基尼不纯度Gini impurity： $$I_{Gini}(\mathbf{D}) = \sum_k p(y=k) (1 - p(y=k)) \\ where \ k \text{ is one of all possible values of $y$} \tag{2}$$
熵不纯度Entropy impurity： $$I_{Entropy}(\mathbf{D}) = - \sum_k p(y=k) \log(p(y=k)) \\ where \ k \text{ is one of all possible values of $y$} \tag{3}$$
基尼不纯度Misclassification impurity： $$I_{Misclassification}(\mathbf{D}) = 1 - \max(p(y=k)) \\ where \ k \text{ is one of all possible values of $y$} \tag{4}$$

用于回归的不纯度impurity有：

均方差不纯度Mean Squared Error impurity： $$\begin{align}\begin{aligned}\bar{y}_m = \frac{1}{N_m} \sum_{i \in N_m} y_i\\ I_{MSE}(\mathbf{D}) = \frac{1}{N_m} \sum_{i \in N_m} (y_i - \bar{y}_m)^2\end{aligned}\end{align} \tag{5}$$
平均绝对误差不纯度Mean Absolute Error impurity： $$\begin{align}\begin{aligned}\bar{y}_m = \frac{1}{N_m} \sum_{i \in N_m} y_i\\ I_{MAE}(\mathbf{D}) = \frac{1}{N_m} \sum_{i \in N_m} |y_i - \bar{y}_m|\end{aligned}\end{align} \tag{6}$$

回归的不纯度impurity的应用如下图示例：回归不纯度impurity的应用

2 算法过程

数据集 $\mathbf{D}$ 经某一节点 $\sigma = \langle i, t_k \rangle$ 划分（理论是可以划分为多个区域的，但是sklearn目前仅能划分成两个区域，也就是仅能实现二分类决策Binary decisions。
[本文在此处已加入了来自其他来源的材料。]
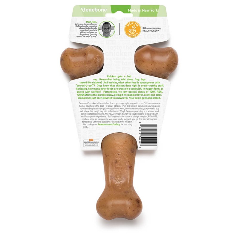 The Benebone WishboneDogs love to chew, especially on stuff that tastes like real chicken. The Wishbone is easy to handle, tastes awesome, and stands up to heavy chewing.About BeneboneAt Benebone, we started with the premise that dogs experience scent and flavor in a way we can’t even grasp. So we ditched the neon colors and loud squeaks. Inspired by a dog’s powerful sense of smell, we developed a long-lasting durable chew that’s jam-packed with real chicken. Once your dog takes a bite of our USA-made chews, he’ll be hooked.We’re Obsessed with Safety TooWonder if Benebone is right for your dog? Here’s what you need to know. Since it’s hard, it’s important that your pup has strong teeth. If you’re unsure, check with your vet. Nobody likes an unexpected trip to the dentist. Keep an eye out for wear and tear. Within a month or so, we find that most dogs chew Benebone into submission. See the wear page on our website for helpful photos to determine when to replace yours. Keep away from households with peanut or other allergies.What’s Inside?Nothing but Nylon and Real Chicken for Tantalizing Flavor

注意一个特征向量不一定只能有一个节点，节点由一个特征及其阈值组成，一个特征可以有多个节点。特别是回归的情况，如果只有一个特征列，经一次划分之后y的取值只有两个，回归误差定然很大，所有不可能只经一次节点划分），不纯度为： $$I(\mathbf{D},\sigma)=\frac{N_{left}}{N_\mathbf{D}}I(\mathbf{D}_{left})+\frac{N_{right}}{N_\mathbf{D}}I(\mathbf{D}_{right}) \\ where \ \mathbf{D}_{left} \cap \mathbf{D}_{right}= \varnothing \ and \ \mathbf{D}_{left} \cup \mathbf{D}_{right}= \mathbf{D}, \\ N_{left},N_{right} \text{ are the numbers of rows of $\mathbf{D}_{left}$ and $\mathbf{D}_{right}$.} \tag{7}$$ 对于数据集 $\mathbf{D}$ ，我们应该根据如下优化选择节点 $\sigma = \langle i, t_k \rangle$ ： $$\sigma^* = \operatorname{argmin}_{\sigma} I(\mathbf{D},\sigma) \tag{8}$$ 数据集 $\mathbf{D}$ 经公式(8)找到节点 $\sigma_1$ 并将数据集划分为 $\mathbf{D}_{left}$ 和 $\mathbf{D}_{right}$ ；数据集 $\mathbf{D}_{left}$ 经公式5找到节点 $\sigma_2$ 并将数据集划分为 $\mathbf{D}_{left,left}$ 和 $\mathbf{D}_{left,right}$ ；数据集 $\mathbf{D}_{right}$ 经公式(8)找到节点 $\sigma_3$ 并将数据集划分为 $\mathbf{D}_{right,left}$ 和 $\mathbf{D}_{right,right}$ ； $$\begin{align} & I(\mathbf{D},\sigma_1,\sigma_2,\sigma_3) \\ & = \frac{N_{left}}{N_\mathbf{D}}I(\mathbf{D}_{left},\sigma_2)+\frac{N_{right}}{N_\mathbf{D}}I(\mathbf{D}_{right},\sigma_3) \\ & = \frac{N_{left}}{N_\mathbf{D}}\left(\frac{N_{left,left}}{N_{left}}I(\mathbf{D}_{left,left})+\frac{N_{left,right}}{N_{left}}I(\mathbf{D}_{left,right})\right) \\ & +\frac{N_{right}}{N_\mathbf{D}}\left(\frac{N_{right,left}}{N_{right}}I(\mathbf{D}_{right,left})+\frac{N_{right,right}}{N_{right}}I(\mathbf{D}_{right,right})\right) \\ & = \frac{N_{left,left}}{N_\mathbf{D}}I(\mathbf{D}_{left,left})+\frac{N_{left,right}}{N_\mathbf{D}}I(\mathbf{D}_{left,right})+\frac{N_{right,left}}{N_\mathbf{D}}I(\mathbf{D}_{right,left}) \\ & +\frac{N_{right,right}}{N_\mathbf{D}}I(\mathbf{D}_{right,right}) \end{align} \tag{9}$$

二叉树节点数与划分后的数据集的数量之间的关系：经1次节点划分，数据集数为2；经2次节点划分，数据集数为3；……经k次节点划分，数据集数为k+1。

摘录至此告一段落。